Fram is at my back, silent as night, not encouraging me either way. Death and life are their domains, and even in chains, the prospect of both feeds into their nature. They grow stronger, but more spiny black appendages shoot up from the ice to keep them contained.

  When I lift the sword of light, it feels ten times heavier than when I reaped the demons’ souls. Daho’s eyes pin me in place. They drag up memories of endless nights exploring the wonders of the universe with him. Endless nights exploring his body and him exploring mine. “Dimma loved you,” I whisper. For better or worse, she and I are two halves of the same soul. “Always remember that.”

  I swing the sword, fast and hard, my lives flashing before my eyes. I am lying beside Daho in the cabin as he tells me a story. His lips brush against my ear, and something hot stirs inside me. I am dozens of people who blur into oblivion.
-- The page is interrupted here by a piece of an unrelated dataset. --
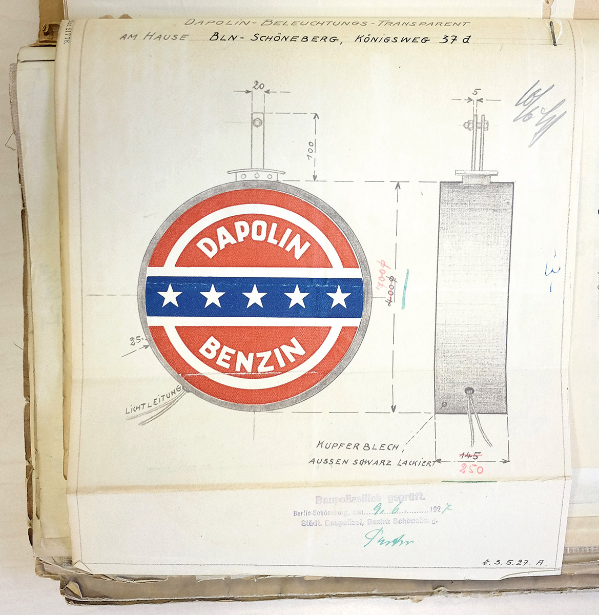 Entwurf für ein »Dapolin-Beleuchtungs-Transparent« am Haus der Firma Schöneberger Garagen am damaligen Königsweg 37d, Juni 1927

I am with Rudjek at the Temple with my back pressed against the wall, waiting for him to kiss me. I scream when the sword is within a breath of Daho, but my arm jerks at the last moment and the cut goes wide.

  The sword slams into the ice, and I fall into him for the second time. He grabs my waist, but he doesn’t pull me closer. He looks up at me with tears in his eyes, and it’s clear he thinks that I couldn’t go through with it.
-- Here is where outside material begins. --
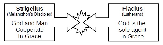 Out of this debate grew another, known as the "Synergistical" controversy, from a Greek word signifying co-operation. The disciples of Melancthon, led by Strigelius, held that man co-operates with divine grace in the work of conversion.

  I gasp for air as Dimma stirs inside me, writhing in her chains, pushing against my will. Her consciousness uncoils and a new awareness flickers at the back of my mind. Rather than feel separate and apart from me, she is the whole and I the dim light in her shadow. I squeeze my eyes shut, expecting her to consume me, but her presence fades again. I realize then, and perhaps I should have always known, that she would never let me reap Daho’s soul.

  “I need to know that Rudjek is really gone,” I say, rushing my words before she takes my voice. I fear what will happen if she pulls free of her chains—will I be just another memory in her ancient life?
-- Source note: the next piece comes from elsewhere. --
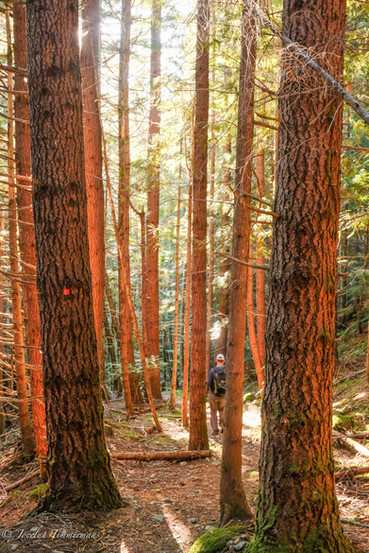 FSR roads run parallel to this trail. So why take the trail? Because then you can smell the fallen foliage, and shuffle through the bronze, gold and bright yellow maple leaves and see the sun beams reaching through tall trees. And the various toadstools, bubbling brooks and moss covered benches & bridges that are melding back into the forest. And massive stumps with tell-tale ancient ax-cuts, bird-song and lingering back-lit leaves with their brilliant autumn hues. Walking these trails keeps one more in tune with nature.
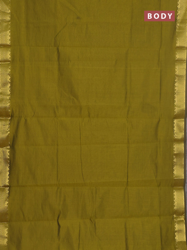 10 yards Poly cotton saree mehendi green and maroon with plain body and zari woven border

  “If that’s what it takes for you to let him go,” Daho says, crestfallen. He flicks his wrist, and the gate appears at the edge of the lake. It looks like floating sparks of magic this time. “Come, and I will show you.” Daho flashes a sharp look at Fram. “We’ll be back for you soon enough.”

  “You have Iben’s gift?” I ask, surprised. I assumed that Shezmu had it, since he was working with Tyrek.

  “Shezmu and I both do,” Daho answers as he reaches for my hand. “Iben was very powerful and cunning. It took both of us to kill him, and once we did, we divided his soul in half.”

  I take Daho’s hand, reluctant at first, but my palm fits into his like they’ve been made for each other. We walk through the gate, him smiling down at me. “Your eyes,” he says. “They’re changing.”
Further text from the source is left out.